労務相談やハラスメント対応を主力業務として扱っている社労士である私が、企業の皆様から受けるご相談は年々多様化しています。近年、特に増えているのが、「若手社員との距離感がわからない」という、建設業の経営者や現場責任者からの声です。「怒鳴ればパワハラと言われる。でも危険な仕事だから、出来ないなら言い続けないといけない」……。そんな戸惑いを抱えた“現場のおじさんたち”は、いま確実に増えています。

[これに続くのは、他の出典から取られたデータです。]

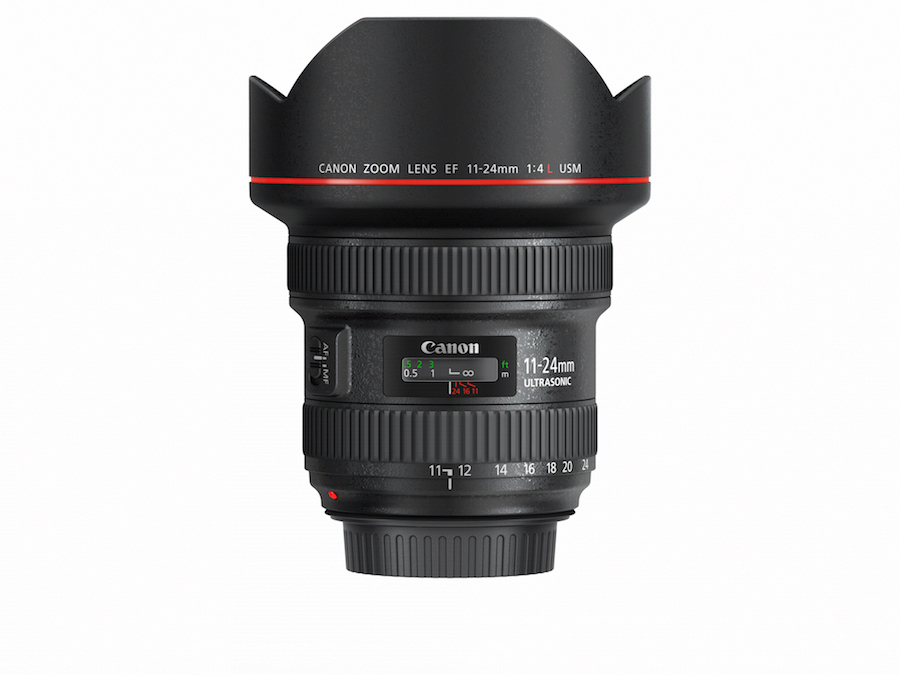 The EF 11-24mm f/4L lens offers the widest angle of view ever provided in a rectilinear full-frame DSLR lens, and uses 16 elements in 11 groups with a total of four aspherical elements for distortion control.

今回は、社員30名規模の建設会社で起きた、ある新卒社員をめぐる相談事例をもとに、「Z世代との価値観のズレ」の本質について考えてみたいと思います。(なお、ご相談事例は個人の特定を防ぐため、複数のエピソードを組み合わせて再構成したものです)

ベテラン職人と新卒の職場のひずみ

「悪い子じゃないんです。でも、正直なところどう扱えばいいかわからないんですよ」

定期面談の際にそのように打ち明けてこられたのは、50代の男性社長でした。祖父が創業した建設会社の3代目である社長は、ご自身も多くの現場経験を持つ元・とび職。その人柄もあってベテランの職人を多く抱え、地域の現場に欠かせない人材を数多く育ててきました。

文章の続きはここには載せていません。